The pretenses may be false but those gams are 100% genuine in 1935's False Pretenses. |
The flick: False Pretenses (Chesterfield Motion Pictures, 1935) [buy the set]
Current IMDb rating: 5.3
Director: Charles Lamont (seven of the Abbott and Costello Meet... movies; five Ma and Pa Kettle movies)
Actors of note:
- Irene Ware (The Raven, Gold Diggers of 1937)
- Sidney Blackmer (Goodbye Love)
- Betty Compson (Here Comes Trouble)
- Edward Gargan (My Man Godfrey, Bringing Up Baby)
- Russell Hopton ('G' Men, Zombies on Broadway)
- Ernest Wood (San Quentin, International House)
- Lucy Beaumont (His Double Life)
The gist of it: Waitress Mary Beekman (Ware) has always dreamed of better things, but seems unlikely to escape her humble station in life. After her loutish ex-boyfriend Mike (Gargan) causes a scene at the restaurant where she works, Mary is fired and then has the bad luck of losing her last paycheck when it blows out of her purse. Chasing after it, she meets Kenneth Alden (Blackmer), a once-wealthy jet setter who has run out of money and is in debt up to his ascot. Seizing this opportunity, Mary convinces Kenneth to help her pull off a harebrained, high-risk scheme. She's pretty and refined, and he still knows a lot of rich folks, right? So all Ken has to do is introduce Mary to a bunch of his society friends, acting as if she's an old acquaintance who's been shut away in a convent for a few years. One of these rich suckers is bound to marry her, and after the vows are exchanged, Mary will give Ken a share of the profits.
After some training by Miss Milgrim (Beaumont), Mary has two very likely prospects: one she likes a lot (Hopton) and one she doesn't (Wood) but who will do in a pinch. Complications arise when Clarissa (Compson), who has designs on Ken, gets suspicious of this little scheme and tries to sabotage it, enlisting the services of Mike to prove who Mary really is. Meanwhile, a few of Ken's buddies find out he has some kind of surefire investment up his sleeve, and he starts selling "shares" in Miss Mary Beekman.
Zero Mostel and Gene Wilder in The Producers. |
Living up to the title of their film, the characters of False Pretenses are a cheerfully dishonest bunch. Pretty much everyone is trying to take advantage of someone else at one time or another. And they all own up to to their faults without much prompting. The most important lesson of False Pretenses is that the so-called "upper class" is just as corrupt and silly as the rest of society. Money doesn't bestow any sense of honor or virtue upon you. In recent years, of course, people like Donald Trump and Paris Hilton have been teaching us that on a regular basis, but we as a society once felt that the rich were somehow superior human beings. A clever proverb of unknown origin states that "the upper crust is a bunch of crumbs held together by dough." False Pretenses plays like a feature-length adaptation of that saying.

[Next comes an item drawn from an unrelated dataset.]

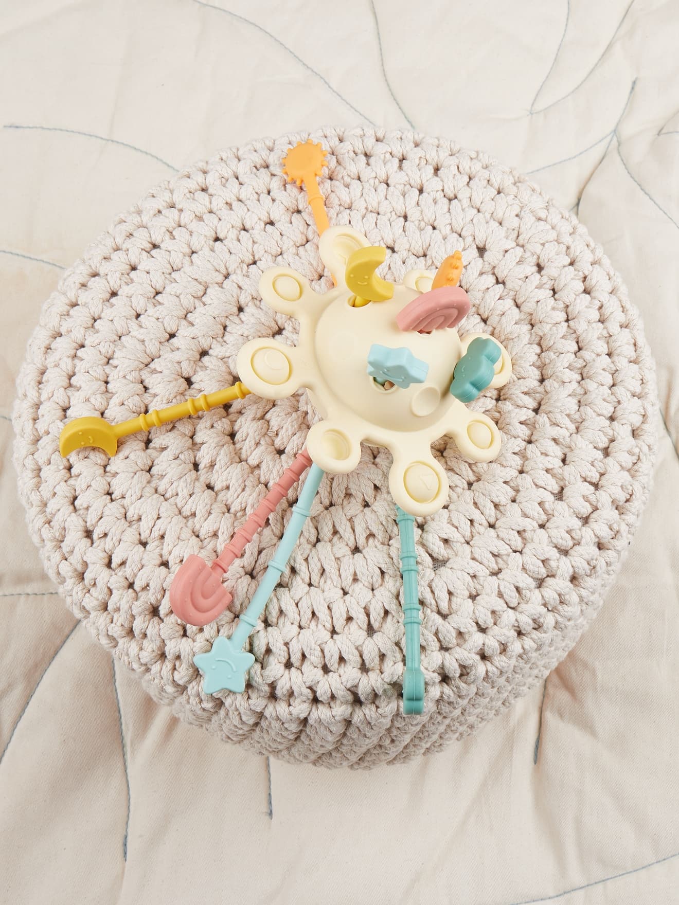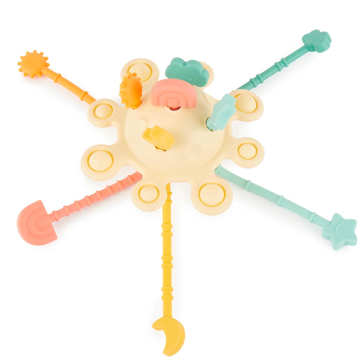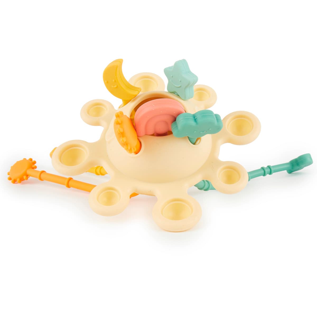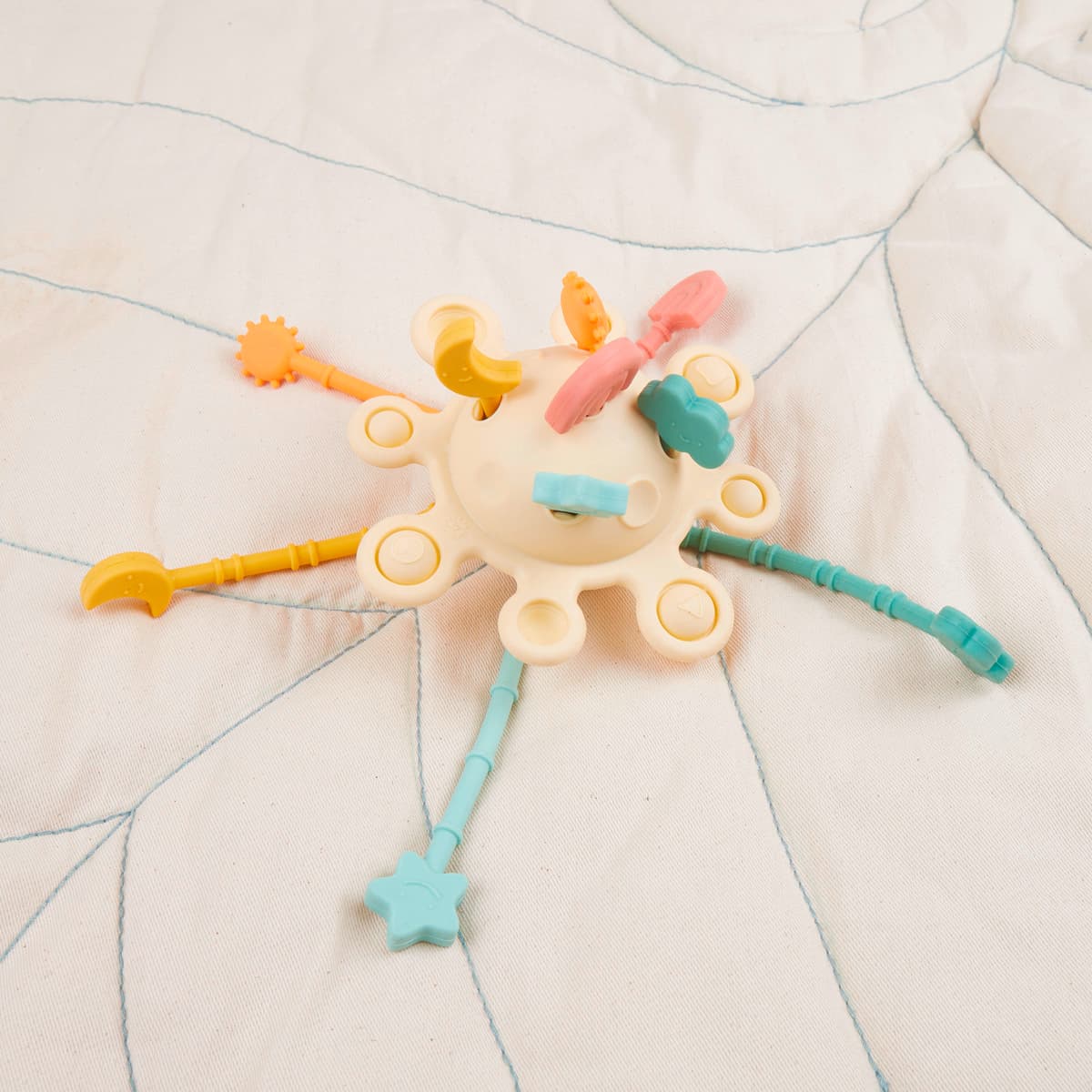 Mit robusten Silikon-Zugkordeln, versteckten Elementen wie Sonne, Mond und Sternen sowie Pop-it-Feldern fördert er spielerisch die Feinmotorik, die Hand-Auge-Koordination und die sensorische Wahrnehmung.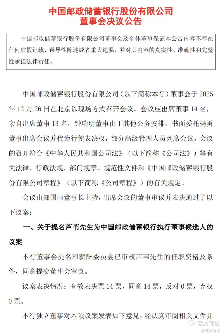 12月26日晚,中囯邮政储蓄银行公告称,该行董事会收到刘建军的辞职报告,因达到法定退休年龄,刘建军辞去该行执行董事、行长等相关职务。该行董事会于12月26日召开会议,同意提名芦苇担任该行执行董事候选人,并同意将该议案提交股东会审议;同意聘任芦苇担任该行行长,其任职资格尚待国家金融监督管理总局核准。

Is it funny: Yes, I'd say so, though I can't really remember laughing too often. I mostly smiled and chuckled quietly through this one. Ware and Blackmer are nicely congenial in the leading roles. Ware, in particular, is a cutie who has no false modesty about her assets or her talents. And why should she? As The Producers reminds us, "When you've got it, flaunt it!"
Further benefiting this slight, featherweight comedy are some standouts in the supporting cast. I particularly enjoyed Herbert Clifton as Bleven (the name, you will note, is very similar to my own), a gleefully slimy manservant who affects an attitude of great sophistication but will swipe anything not nailed down, given half a chance. And I got a kick out of big, dumb Edward Gargan as an easily-confused lug who prefers speaking with his fists. When he's dissatisfied with the beer he's served, for instance, getting into a physical altercation with the polite, reasonable waiter is Gargan's first resort, his Plan A. Characters like these (and a few other assorted cads, drunks, and phonies) make False Pretenses quite enjoyable, if not exactly essential viewing.